EXERCISE REQUIREMENTS – Exactly as they appear, print the line with "-Сайн байна уу." and each line after it through the end of the entries below; leave out pictures.
** Opening DATA SHOWN block **
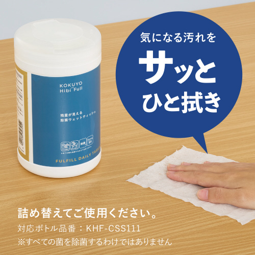 ※全ての種類の菌を除去するわけではありません。※本商品は詰め替え用です。※必ず「残りが見える除菌ウェットシートティッシュ(アルコール・ボトル)」の容器に詰め替えてご利用ください。
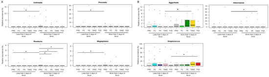 Early and late gut microbiota signatures of febrile neutropenia duration. Boxplots showing the relative abundance distribution of genera significantly differentially represented between patients with less than or equal to vs. more than three days of fever, before transplant (A) and after the onset of fever (B). PRE, before transplant; P2, at the onset of neutropenia (day −2/+2); P5, at the onset of fever (day +4/+5); TAKE, at engraftment; P20, after engraftment (day +20/+30). Wilcoxon test, * for p < 0.05.
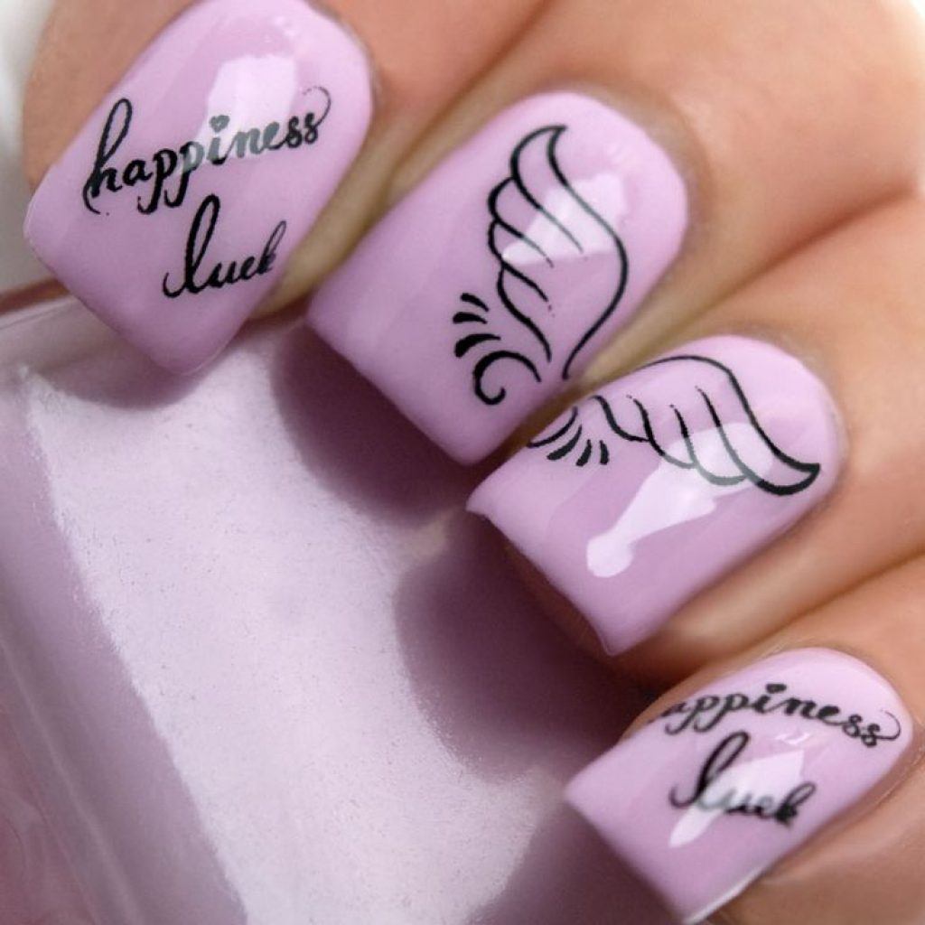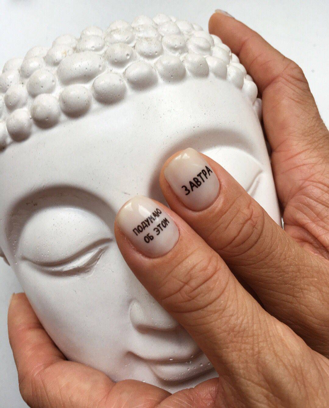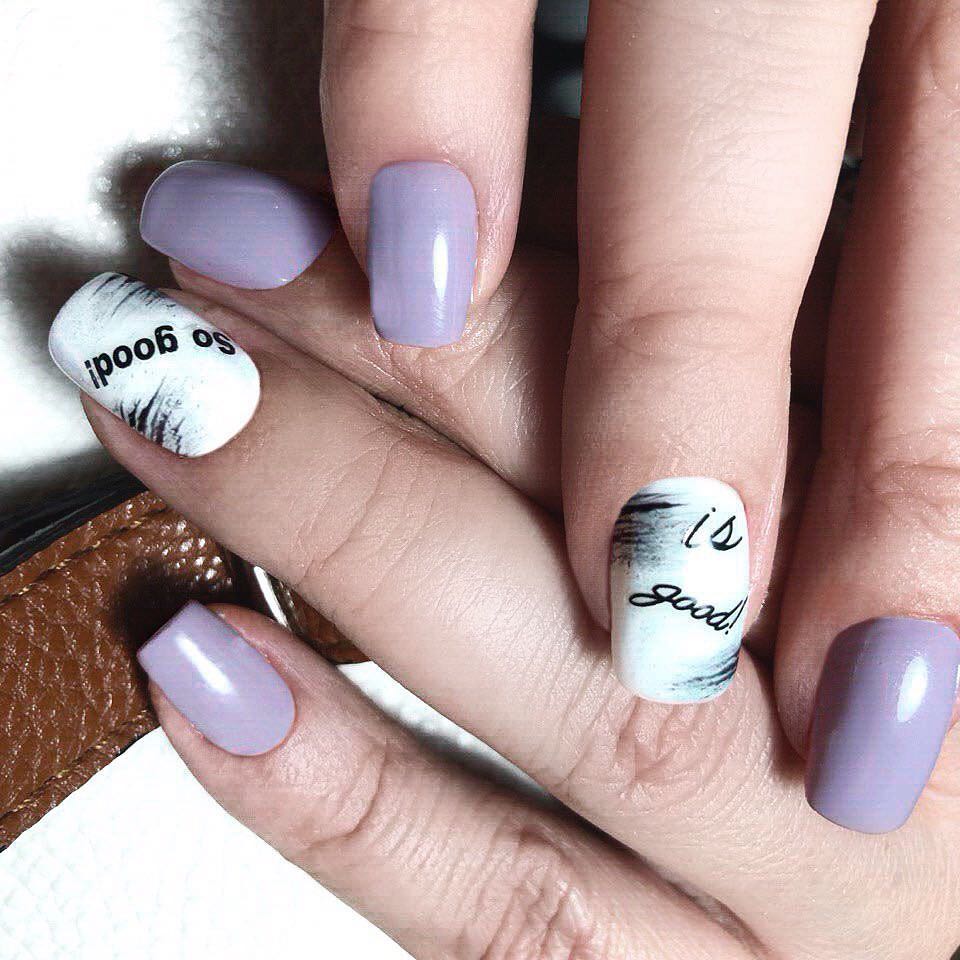 Дизайн с надписями впервые появился на ноготках американок, которые знают толк в самомотивации. Русскоязычные модницы быстро переняли идею с надписями и стали украшать ноготки слоганами и надписями.
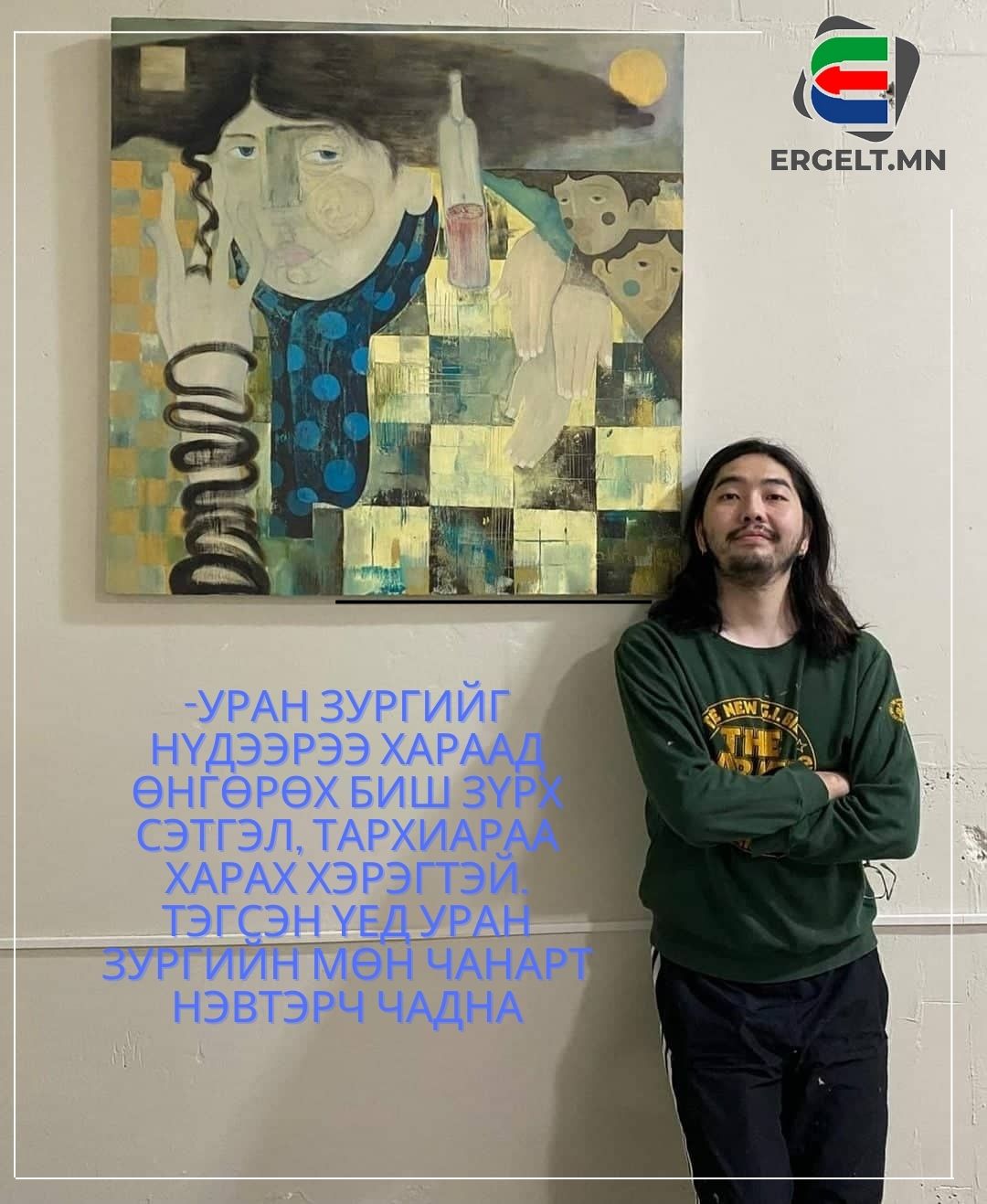 -Сайн байна уу. Анхны үзэсгэлэнгээ гаргахын тулд таван жилийн хугацаанд бэлдсэн. Таван жилийн хугацаанд юуг сурч, яаж хөгжсөнөө уран бүтээлүүдээрээ дамжуулан харуулсан. Үзэсгэлэнгээ гаргах мөч үгээр илэрхийлэмгүй гайхалтай. Өөрийн харж буй өнцөг, хэлэхийг хүссэн санаагаа  зургаар илэрхийлснээ бусадтай хуваалцсанаар дотор онгойх шиг болсон. Үзэсгэлэнгээ гаргаад дууссаны дараа маш их тайвширсан.
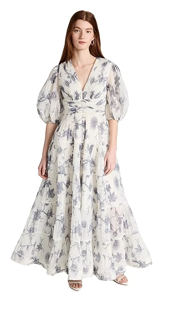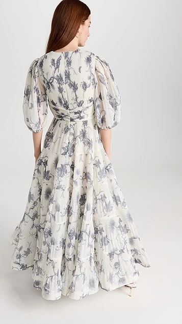 - Elbow-length puff sleeves with elastic cuffs
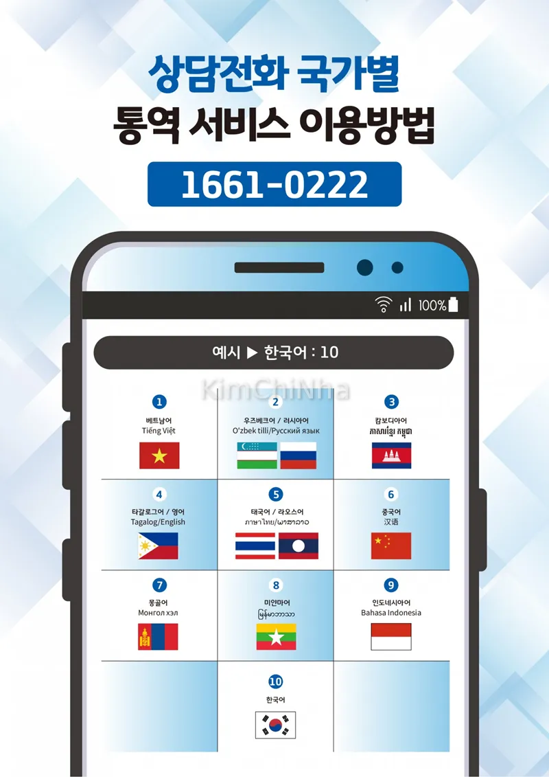 👉 Trung tâm Hỗ trợ Hội nhập Xã hội Gyeonggi (Gyeonggi Migrant Integration Support Center) cung cấp dịch vụ tư vấn miễn phí bằng 10 ngôn ngữ khác nhau, bao gồm cả tiếng Việt!
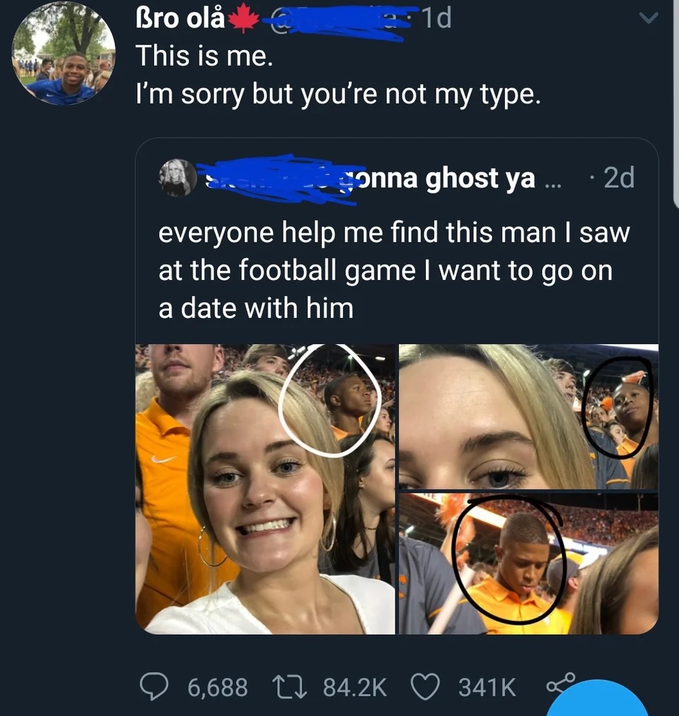 A man’s savage reply to a woman who wanted to go on a date with him after seeing him at a football game has gone viral.
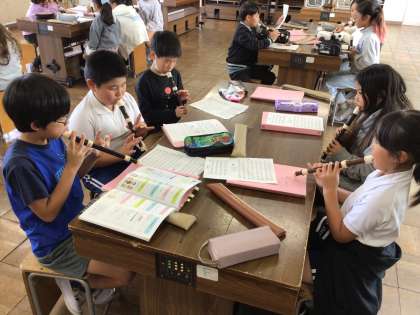 4年音楽では、「互いの音を聴きあって演奏しよう」というめあてで学習を進めていました。リコーダーで「オーラ リー」をグループアンサンブルにチャレンジしたり、「ゆかいに歩けば」の後半部分を合唱したりしました。
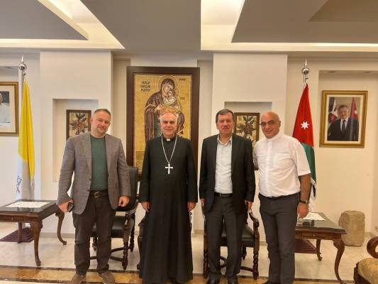 النائب الدكتور هايل عياش والنائب عمر النبر يلتقيان سيادة المطران جمال خضر في الاردن
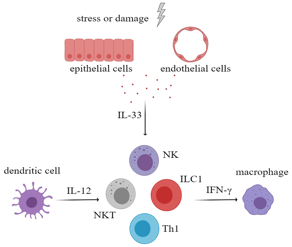 Figure 3. After activation of innate immune cells, especially myeloid dendritic cells, large amounts of interleukin-12 (IL-12) were secreted. IL-33 and IL-12 had a synergistic effect in stimulating NK cells, NKT cells, ILC1, and Th1 to secrete more IFN-γ, which will aggravate tissue damage. NK cells, natural killer cells; NKT cell, natural killer T cell; ILC, innate lymphoid cell.
** Closing DATA SHOWN block **
FINISHED EXERCISE –
 -Сайн байна уу. Анхны үзэсгэлэнгээ гаргахын тулд таван жилийн хугацаанд бэлдсэн. Таван жилийн хугацаанд юуг сурч, яаж хөгжсөнөө уран бүтээлүүдээрээ дамжуулан харуулсан. Үзэсгэлэнгээ гаргах мөч үгээр илэрхийлэмгүй гайхалтай. Өөрийн харж буй өнцөг, хэлэхийг хүссэн санаагаа  зургаар илэрхийлснээ бусадтай хуваалцсанаар дотор онгойх шиг болсон. Үзэсгэлэнгээ гаргаад дууссаны дараа маш их тайвширсан.
 - Elbow-length puff sleeves with elastic cuffs
 👉 Trung tâm Hỗ trợ Hội nhập Xã hội Gyeonggi (Gyeonggi Migrant Integration Support Center) cung cấp dịch vụ tư vấn miễn phí bằng 10 ngôn ngữ khác nhau, bao gồm cả tiếng Việt!
 A man’s savage reply to a woman who wanted to go on a date with him after seeing him at a football game has gone viral.
 4年音楽では、「互いの音を聴きあって演奏しよう」というめあてで学習を進めていました。リコーダーで「オーラ リー」をグループアンサンブルにチャレンジしたり、「ゆかいに歩けば」の後半部分を合唱したりしました。
 النائب الدكتور هايل عياش والنائب عمر النبر يلتقيان سيادة المطران جمال خضر في الاردن
 Figure 3. After activation of innate immune cells, especially myeloid dendritic cells, large amounts of interleukin-12 (IL-12) were secreted. IL-33 and IL-12 had a synergistic effect in stimulating NK cells, NKT cells, ILC1, and Th1 to secrete more IFN-γ, which will aggravate tissue damage. NK cells, natural killer cells; NKT cell, natural killer T cell; ILC, innate lymphoid cell.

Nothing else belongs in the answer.